The mean age at baseline was 53 years. Participants were followed up until 2018. During a median follow-up of 29 years, there were 644 deaths from cardiovascular disease. The risk of death from heart attack was analyzed based on age, body mass index, cholesterol level, smoking status, type 2 diabetes, coronary heart disease, use of antihypertensive drugs, alcohol consumption, physical activity, socioeconomic status and high susceptibility. – Reactive protein (a marker of inflammation).
Considering blood pressure alone, compared with normal values, hypertension was associated with a 39% increased risk of cardiovascular death (hazard ratio [HR] 1.39; 95% confidence interval [CI] 1.17-1.63). When only fitness was considered, compared with high levels, low fitness was associated with a 74% higher odds of cardiovascular death (HR 1.74; 95% CI 1.35–2.23).

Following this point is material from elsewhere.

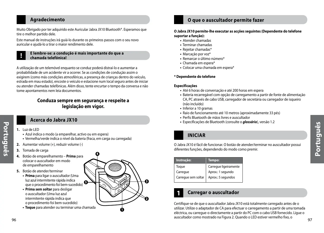 O que o auscultador permite fazer O Jabra JX10 permite-lhe executar as acções seguintes (Dependente do telefone suportar a função): • Atender chamadas • Terminar chamadas • Rejeitar chamadas* • Marcação por voz* • Remarcar o último número* • Chamada em espera* • Colocar uma chamada em espera* * Dependente do telefone Especificações • Até 6 horas de conversação e até 200 horas em espera • Bateria recarregável com opção de carregamento a partir de fonte de alimentação CA, PC através de cabo USB, carregador de secretária ou carregador de isqueiro (não incluído) • Inferior a 10 gramas • Raio de funcionamento até 10 metros (aproximadamente 33 pés) • Perfis Bluetooth de mãos livres e auscultador • Especificações de Bluetooth (consulte o glossário), versão 1.2

To assess the joint associations of blood pressure and fitness with cardiovascular risk, participants were classified into four groups: 1) normal blood pressure and high fitness (this was the reference group for comparison); 2) normal blood pressure and low fitness; 3) high blood pressure and high fitness; 4) High blood pressure and low fitness.
Men with high blood pressure and low fitness had twice the risk of cardiovascular death compared with men with normal blood pressure and high fitness (HR 2.35; 95% CI 1.81–3.04). When men with high blood pressure had high fitness levels, their elevated risk of heart attack persisted but was weaker: it was 55% higher than in men with normal blood pressure and high fitness (HR 1.55; 95% CI 1.16-2.07).
Professor Laukanen said: “Both high blood pressure and low fitness levels were associated with an increased risk of cardiovascular death. Higher fitness levels reduced, but did not eliminate, the risk of cardiovascular death in men with hypertension.”